Juga dari kitab “al-Majruhin” karya Ibnu Hibban (1/250), no. 236, bahwa Abu Muthi’ mendengar hadits dari Sufyan ats-Tsaury dan Hammad bin Salamah. Dan dia tergolong di antara gembong Murji’ah, yang membenci sunnah dan para praktisinya.

Dalam kitab “Tarikh al-Baghdad” karya al-Khathib al-Baghdady (9/121), disebutkan bahwa suatu kala al-Imam Ahmad ditanya tentang dia ini (Abu Muthi’ alias al-Hakam bin Abdillah). Beliau menjawab, “Tidak sepantasnya ada yang meriwayatkan darinya. Dihikayatkan bahwa dia pernah berkata, “Surga dan Neraka itu keduanya makhluk, maka keduanya adalah fana; (tidak baka/abadi).”

Maka, al-Khathib al-Baghdady pun berkata:

هذا كلام جهم

“Ini adalah kalam (yakni: aqidahnya) Jahm!”

Dan suatu kesempatan al-Ajurry bertanya pada Abu Daud Sulaiman bin al-Asy’ast perihal Abu Muthi’ ini. Kata Abu Daud: “Para ulama meninggalkan hadits dia.

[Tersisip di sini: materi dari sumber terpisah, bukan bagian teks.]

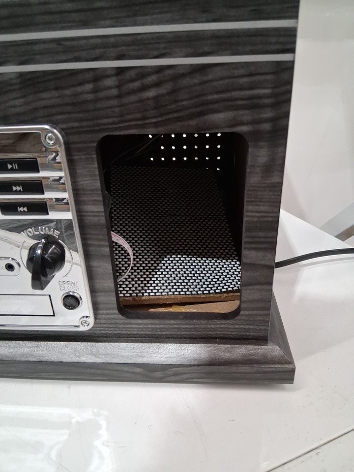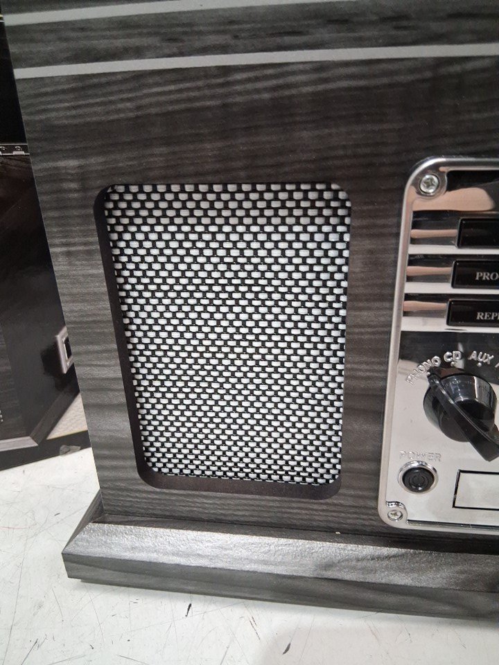 please note one of the wooden "speaker" pieces is detached. tested for basic power only. see photos.

Dia adalah seorang Jahmy (penganut faham Jahmiyyah)!”

Nah, kembali ke kitab al-Fiqh al-Akbarnya Abu Hanifah. Dikatakan oleh Syaikh Abdurrahim, bahwa ada lagi periwayat kitab beliau selain Abu Muthi’, yaitu Hammad bin Abi Sulaiman. Hanyasaja, Hammad yang ini pun dha’if.

Dari jabaran di atas, Anda bisa mengetahui sekarang, bahwa ada ilmu ansab al-kitab, untuk verifying penisbatan kitab kepada penulis sebenarnya. Itu perlu riset khusus; karena yang dipeluk adalah kitab-kitab turats klasik pendaman berabad lamanya, atau kitab yang turun-temurun diwariskan antar generasi. Riset semacam itu pun memerlukan pula ilmu rijal dan jarh wa ta’dil rupanya. Luar biasa.

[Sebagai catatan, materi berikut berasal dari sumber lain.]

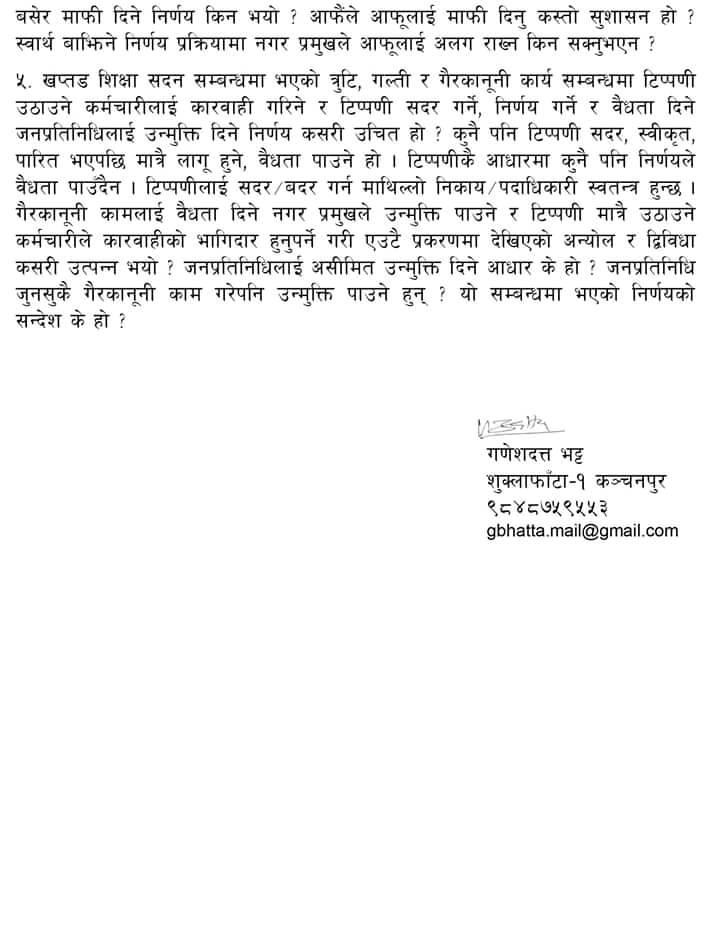 नेपालको संविधान २०७२ को भाग -१७ स्थानीय कार्यपालिका र अनुसूची ८ तथा स्थानीय सरकार सन्चालन ऐन २०७४ को परिच्छेद -३ गाउँपालिका तथा नगरपालिकाको काम, कर्तव्य र अधिकारमा कहिँ कतै पनि कार्यपालिकाले क्षमा दिन सक्ने अधिकार उल्लेख नभएकोले यो निर्णय असंवैधानिक र गैरकानुनी भएको नगरबासीको जिकिर छ ।

Dikatakan, ada beberapa kitab yang dikenal nisbatanannya kepada seorang imam, tapi rupanya bukan. Misal, kitab “ash-Shalah” dinisbatkan kepada al-Imam Ahmad. Ternyata bukan. Juga kitab berjudul “al-Haydah” dinisbatkan kepada Abdul Aziz al-Kinany. Ternyata bukan.

Di sini kita belajar, bahwa masalah penisbatan itu ada pentingnya. Juga kalau boleh saya kasih nasehat:

Jika ada quote atau kalimat ustadz kesukaan Anda yang ingin Anda share apalagi jadikan meme, periksa dulu, siapa tahu itu ayat al-Qur’an atau hadits Nabi atau perkataan salaf. Jangan ke depannya, sudah kadung dinisbatkan kepada ustadz tertentu, padahal itu potongan ayat, atau hadits, atau kalam salaf. Karena kalam Allah (yang pertama), kemudian kalam Nabi dan kalam Salaf, tak semizan dengan kalam sesiapa kita, sekalipun ulama terkini.

Moga menginspirasi. Baarakallaahu fiikum.